The final measure is business relevance. For B2B teams, connect AI-sourced signups and category visibility where attribution allows. For local businesses, connect visibility to calls and bookings where the customer path can be observed. Do not promise that content changes will generate a fixed number of citations. Build a baseline, improve the evidence, and measure the shift.
- Set a fixed prompt set for the category and key comparisons.
- Measure Citation Share and Citation Count per day.
- Score Answer Presence, Share of Voice, recommendation status, and accuracy.
- Use a repeated audit cycle so changes can be compared with the baseline.
Key takeaways
- AI citation depth means publishing enough relevant context for an AI answer to use your page beyond the first query.
- GPO's August 2026 analysis says thin location pages and generic service content face a higher risk of being passed over.
- A citation is not the same as a recommendation, so Citation Share should sit alongside recommendation presence and accuracy checks.
- Deep pages explain fit, limits, decision criteria, current facts, and the next questions a reader is likely to ask.
- Local pages need verified business facts plus practical service context, not only a city name and reused copy.
- Measure change with a fixed prompt set across the engines that matter to your category.
Omnicite Editorial. "AI Citation Depth: How to Earn Brand Citations" The Citation Report, Omnicite. https://omnicite.co/blog/how-to-get-your-brand-cited-by-ai-focus-on-depth/
Sources
Source: GPO
GPO reported that Gemini 3.5 Flash in Google AI Mode carries conversational context across follow-up questions, is more selective about cited pages, and puts thin location pages and generic service descriptions at higher risk.
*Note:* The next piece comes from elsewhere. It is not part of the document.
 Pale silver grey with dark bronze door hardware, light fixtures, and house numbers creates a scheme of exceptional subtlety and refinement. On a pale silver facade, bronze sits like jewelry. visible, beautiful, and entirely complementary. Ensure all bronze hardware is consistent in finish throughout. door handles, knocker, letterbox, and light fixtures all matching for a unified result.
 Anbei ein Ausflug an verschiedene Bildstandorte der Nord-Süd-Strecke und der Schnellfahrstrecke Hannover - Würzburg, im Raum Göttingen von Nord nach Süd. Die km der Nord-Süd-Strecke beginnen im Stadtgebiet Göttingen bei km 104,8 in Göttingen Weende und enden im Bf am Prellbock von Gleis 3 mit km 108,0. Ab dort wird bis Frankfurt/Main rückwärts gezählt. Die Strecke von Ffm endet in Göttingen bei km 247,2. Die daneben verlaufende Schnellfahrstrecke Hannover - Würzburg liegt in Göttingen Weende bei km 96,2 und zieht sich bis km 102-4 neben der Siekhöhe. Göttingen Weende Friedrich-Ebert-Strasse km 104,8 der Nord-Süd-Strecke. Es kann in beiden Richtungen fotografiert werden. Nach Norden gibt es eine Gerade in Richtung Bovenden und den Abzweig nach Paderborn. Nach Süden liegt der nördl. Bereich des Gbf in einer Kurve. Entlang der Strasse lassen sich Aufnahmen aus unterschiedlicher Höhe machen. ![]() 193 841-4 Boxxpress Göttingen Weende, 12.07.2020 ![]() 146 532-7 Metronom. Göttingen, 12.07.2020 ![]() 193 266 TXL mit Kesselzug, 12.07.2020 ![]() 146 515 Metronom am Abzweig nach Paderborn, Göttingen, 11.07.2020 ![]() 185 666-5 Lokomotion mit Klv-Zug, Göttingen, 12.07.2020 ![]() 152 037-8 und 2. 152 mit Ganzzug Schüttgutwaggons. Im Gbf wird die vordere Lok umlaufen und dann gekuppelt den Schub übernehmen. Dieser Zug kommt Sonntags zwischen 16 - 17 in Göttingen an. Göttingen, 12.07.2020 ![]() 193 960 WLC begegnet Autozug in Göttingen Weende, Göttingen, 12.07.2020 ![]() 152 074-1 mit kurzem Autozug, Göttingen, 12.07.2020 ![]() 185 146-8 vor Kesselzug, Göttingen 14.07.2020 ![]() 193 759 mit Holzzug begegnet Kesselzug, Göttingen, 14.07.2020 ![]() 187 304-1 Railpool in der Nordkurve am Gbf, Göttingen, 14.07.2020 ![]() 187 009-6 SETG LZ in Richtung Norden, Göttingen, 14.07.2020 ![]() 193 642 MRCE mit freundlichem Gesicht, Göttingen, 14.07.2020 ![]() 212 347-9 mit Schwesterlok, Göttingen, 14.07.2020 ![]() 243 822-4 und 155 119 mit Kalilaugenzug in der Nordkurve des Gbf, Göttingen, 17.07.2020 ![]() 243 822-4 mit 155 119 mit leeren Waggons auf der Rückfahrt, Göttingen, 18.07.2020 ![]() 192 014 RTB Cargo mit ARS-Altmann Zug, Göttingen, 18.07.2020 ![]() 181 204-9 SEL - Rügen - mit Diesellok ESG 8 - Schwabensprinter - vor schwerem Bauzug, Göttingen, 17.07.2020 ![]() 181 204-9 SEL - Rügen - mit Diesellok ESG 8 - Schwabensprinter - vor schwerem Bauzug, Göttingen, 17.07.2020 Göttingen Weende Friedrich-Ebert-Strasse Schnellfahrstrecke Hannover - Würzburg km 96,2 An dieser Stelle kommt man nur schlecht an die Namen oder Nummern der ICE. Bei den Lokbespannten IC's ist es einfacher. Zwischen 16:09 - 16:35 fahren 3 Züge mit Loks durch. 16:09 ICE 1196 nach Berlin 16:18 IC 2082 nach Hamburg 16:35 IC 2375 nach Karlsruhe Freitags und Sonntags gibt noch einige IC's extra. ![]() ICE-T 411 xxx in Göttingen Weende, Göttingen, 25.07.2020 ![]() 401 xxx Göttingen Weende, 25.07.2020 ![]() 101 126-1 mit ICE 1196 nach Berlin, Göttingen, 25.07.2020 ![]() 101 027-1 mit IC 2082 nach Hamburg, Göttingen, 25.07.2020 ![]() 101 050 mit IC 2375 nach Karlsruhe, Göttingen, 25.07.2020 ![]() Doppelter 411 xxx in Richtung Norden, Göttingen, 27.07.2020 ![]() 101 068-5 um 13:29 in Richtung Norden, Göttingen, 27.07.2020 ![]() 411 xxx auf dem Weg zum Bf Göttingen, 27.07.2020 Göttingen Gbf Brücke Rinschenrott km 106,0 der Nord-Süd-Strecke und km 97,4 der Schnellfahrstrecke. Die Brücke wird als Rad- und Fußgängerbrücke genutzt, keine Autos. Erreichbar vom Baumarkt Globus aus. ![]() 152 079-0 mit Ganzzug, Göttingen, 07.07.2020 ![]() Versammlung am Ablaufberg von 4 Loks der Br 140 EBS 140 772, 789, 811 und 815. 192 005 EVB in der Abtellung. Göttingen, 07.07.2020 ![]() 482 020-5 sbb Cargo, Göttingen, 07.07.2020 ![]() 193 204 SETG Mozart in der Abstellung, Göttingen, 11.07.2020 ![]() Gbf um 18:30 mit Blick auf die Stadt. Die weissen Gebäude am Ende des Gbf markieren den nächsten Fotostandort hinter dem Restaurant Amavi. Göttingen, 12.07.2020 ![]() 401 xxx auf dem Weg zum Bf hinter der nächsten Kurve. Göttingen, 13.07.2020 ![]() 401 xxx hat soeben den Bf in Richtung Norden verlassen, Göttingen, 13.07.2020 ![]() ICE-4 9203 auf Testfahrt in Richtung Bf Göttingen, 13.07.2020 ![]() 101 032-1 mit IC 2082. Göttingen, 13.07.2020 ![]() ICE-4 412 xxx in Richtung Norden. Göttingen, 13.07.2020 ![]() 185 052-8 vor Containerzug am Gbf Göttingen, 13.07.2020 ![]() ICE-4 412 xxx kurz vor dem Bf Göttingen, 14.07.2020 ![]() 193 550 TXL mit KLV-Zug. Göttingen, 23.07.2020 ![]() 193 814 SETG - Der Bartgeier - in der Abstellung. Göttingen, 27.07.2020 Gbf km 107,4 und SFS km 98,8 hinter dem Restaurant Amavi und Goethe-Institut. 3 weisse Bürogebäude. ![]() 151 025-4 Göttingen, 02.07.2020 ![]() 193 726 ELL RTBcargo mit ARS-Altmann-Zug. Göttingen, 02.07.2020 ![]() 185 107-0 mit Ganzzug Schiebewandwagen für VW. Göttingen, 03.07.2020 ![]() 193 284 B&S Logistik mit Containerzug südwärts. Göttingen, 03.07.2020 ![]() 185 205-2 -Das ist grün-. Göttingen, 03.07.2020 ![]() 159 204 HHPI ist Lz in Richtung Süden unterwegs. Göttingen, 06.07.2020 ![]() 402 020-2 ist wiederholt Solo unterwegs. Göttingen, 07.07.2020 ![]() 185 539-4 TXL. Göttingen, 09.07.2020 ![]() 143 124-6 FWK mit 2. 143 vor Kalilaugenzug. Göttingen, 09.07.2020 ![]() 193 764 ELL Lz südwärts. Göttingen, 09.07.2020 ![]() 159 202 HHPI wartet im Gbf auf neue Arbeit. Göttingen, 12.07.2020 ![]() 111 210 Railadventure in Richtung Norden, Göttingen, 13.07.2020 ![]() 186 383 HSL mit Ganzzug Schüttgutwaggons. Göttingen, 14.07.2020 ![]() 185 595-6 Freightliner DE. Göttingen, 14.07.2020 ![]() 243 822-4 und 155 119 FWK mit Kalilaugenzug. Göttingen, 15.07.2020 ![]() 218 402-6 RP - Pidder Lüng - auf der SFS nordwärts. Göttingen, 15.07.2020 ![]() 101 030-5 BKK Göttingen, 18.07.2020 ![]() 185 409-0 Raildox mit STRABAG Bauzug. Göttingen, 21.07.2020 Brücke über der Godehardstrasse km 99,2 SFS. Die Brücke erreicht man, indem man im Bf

GPO, 2026-08-10
Source: Google Search Central
Google explains that the same foundational Search requirements apply to AI features, including crawl access and helpful, reliable, people-first content. Google Search Central, 2025-05-20
Frequently asked questions
What is AI citation depth?
AI citation depth is the degree to which a page gives an AI engine enough relevant, supportable context to answer a question and its likely follow-ups. It is more than mentioning a topic or repeating a keyword.
Does more content automatically improve AI citations?
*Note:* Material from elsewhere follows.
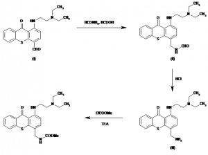 N-[1-[2-(Diethylamino)ethylamino]-10-oxo-10H-dibenzo[b,e]thiopyran-4-ylmethyl]carbamic acid methyl ester | 155990-11-7 | C22H27N3O3S |
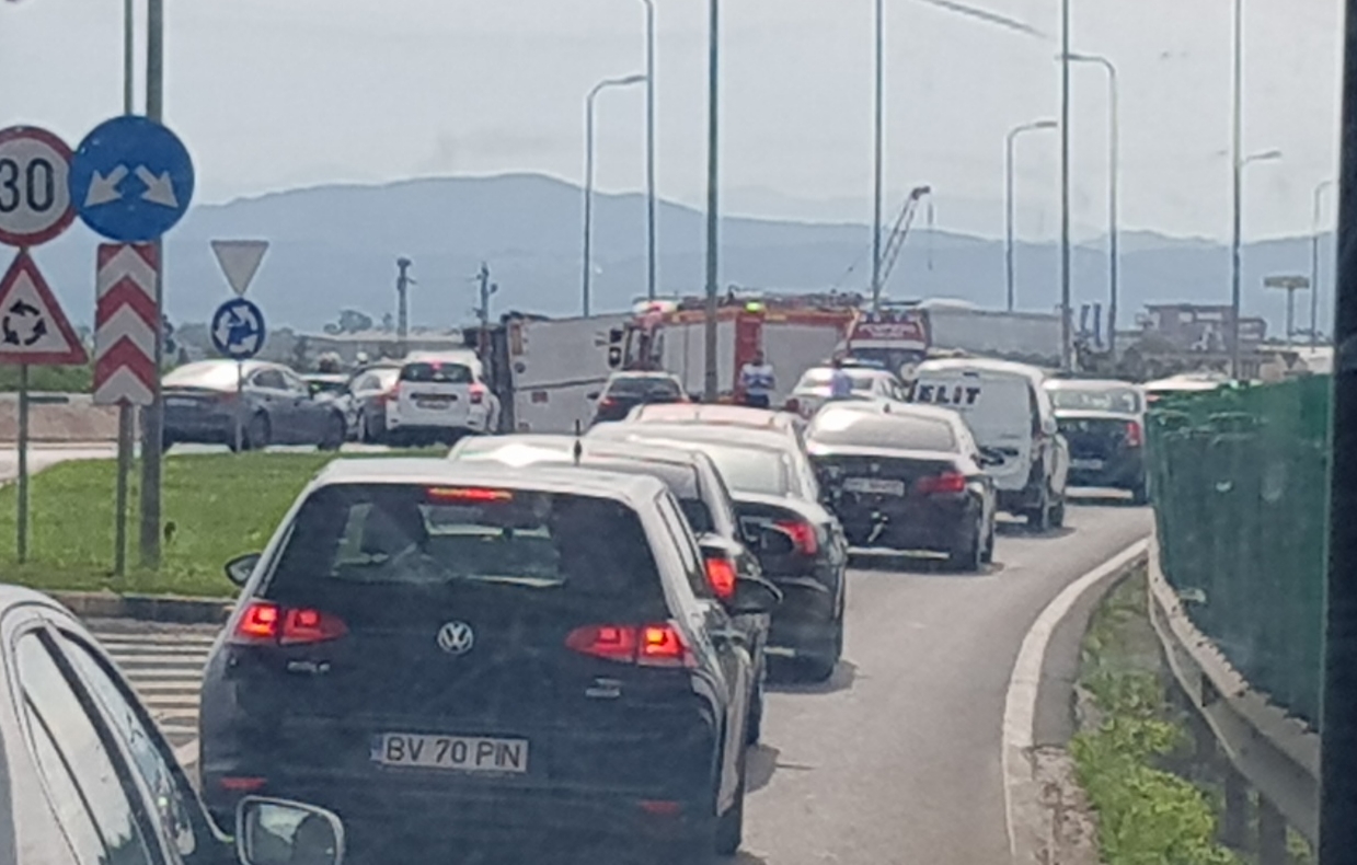Un TIR s-a răsturnat în sensul giratoriu de pe DN 1, dintre localitățile Brașov și Ghimbav, în zona Ocolitoarei. La față locului intervin un echipaj ISU și un echipaj SMRD.

No. More words do not create depth on their own. The page needs relevant explanations, verified facts, decision criteria, and answers to real follow-up questions.
Why can a cited brand fail to get recommended?
A model can use one brand's page as evidence while naming another brand as the recommendation. GPO reported a 69% exclusion rate in the cited research it covered, so citations and recommendations should be measured separately.
Which pages should be audited first?
Start with category pages, comparison pages, high-intent service pages, and location pages that support revenue-critical questions. Prioritize pages that currently provide broad claims but little decision context.
What should a local business add to a location page?
A local business should publish correct first-party facts, service availability, service-area limits, customer preparation details, contact routes, and answers to practical local questions that it can verify.
Can a brand guarantee AI citations by improving depth?
No. Brands should not promise a specific citation count. They can improve the quality, coverage, freshness, and clarity of the material AI engines can evaluate, then measure the resulting visibility.